(RECORDED INFORMATION)
=== Section Start ===
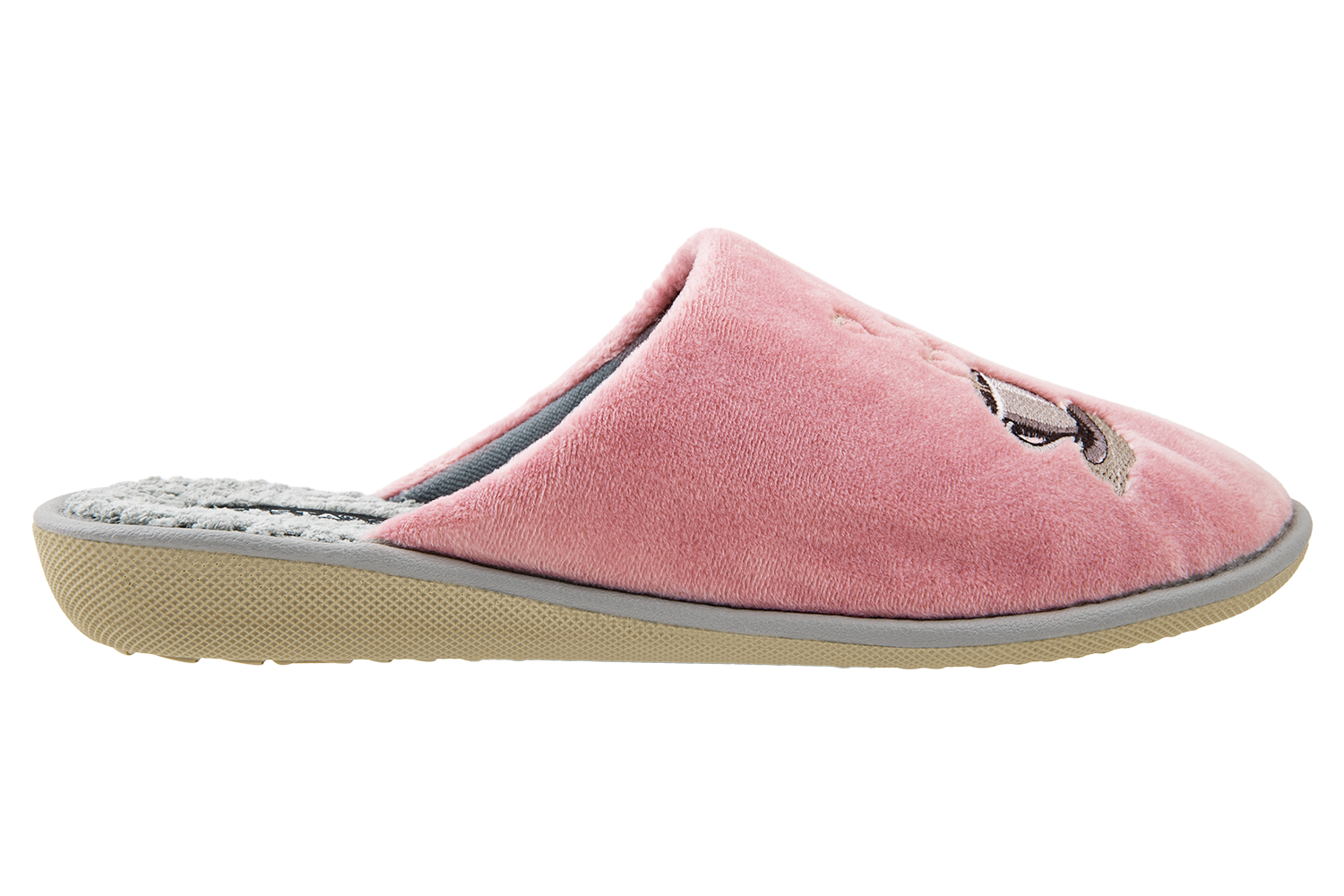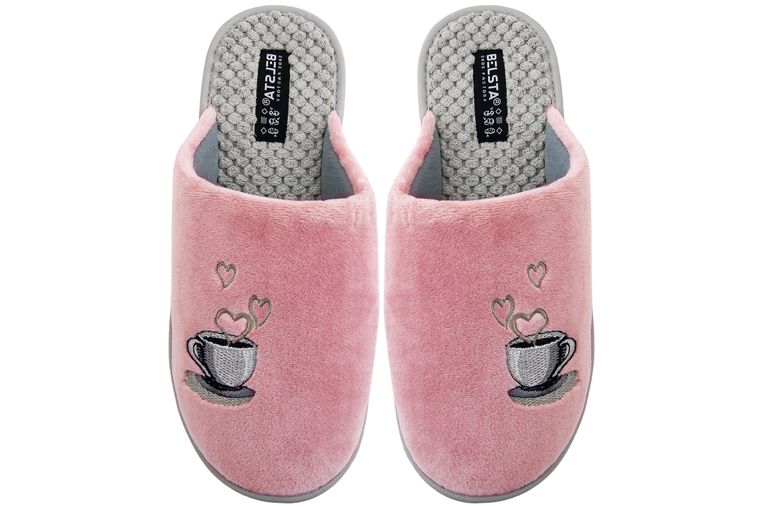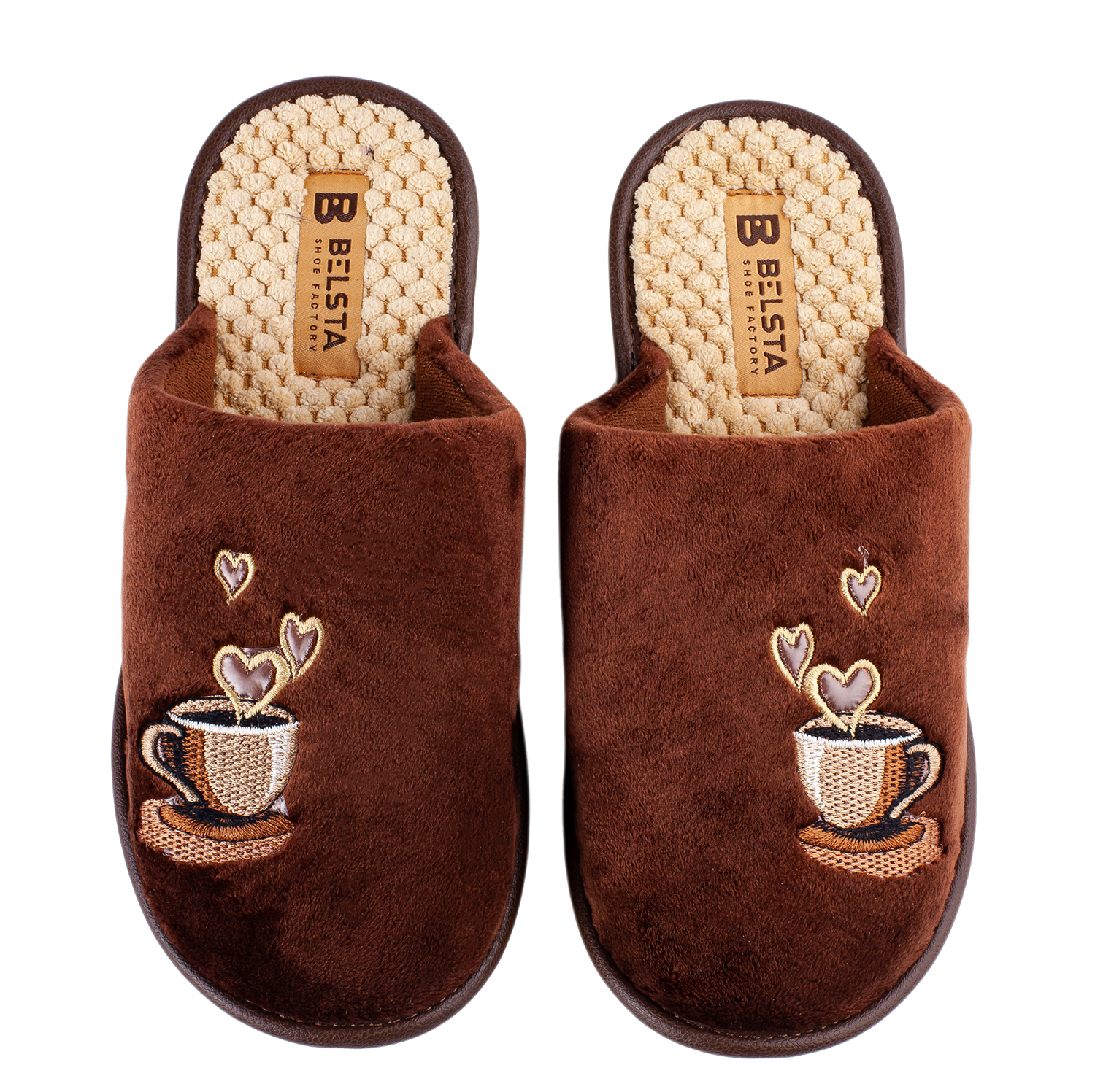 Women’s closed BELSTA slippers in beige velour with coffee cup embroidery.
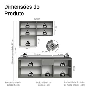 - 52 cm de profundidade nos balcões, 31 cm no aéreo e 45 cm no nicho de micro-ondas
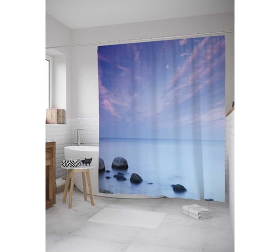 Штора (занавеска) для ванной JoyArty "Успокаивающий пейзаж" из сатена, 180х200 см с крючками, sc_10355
=== Section End ===
(DIRECTIONS) Once the pictures are set aside, give the listing again word for word.

(EXERCISE OUTPUT)
 Women’s closed BELSTA slippers in beige velour with coffee cup embroidery.
 - 52 cm de profundidade nos balcões, 31 cm no aéreo e 45 cm no nicho de micro-ondas
 Штора (занавеска) для ванной JoyArty "Успокаивающий пейзаж" из сатена, 180х200 см с крючками, sc_10355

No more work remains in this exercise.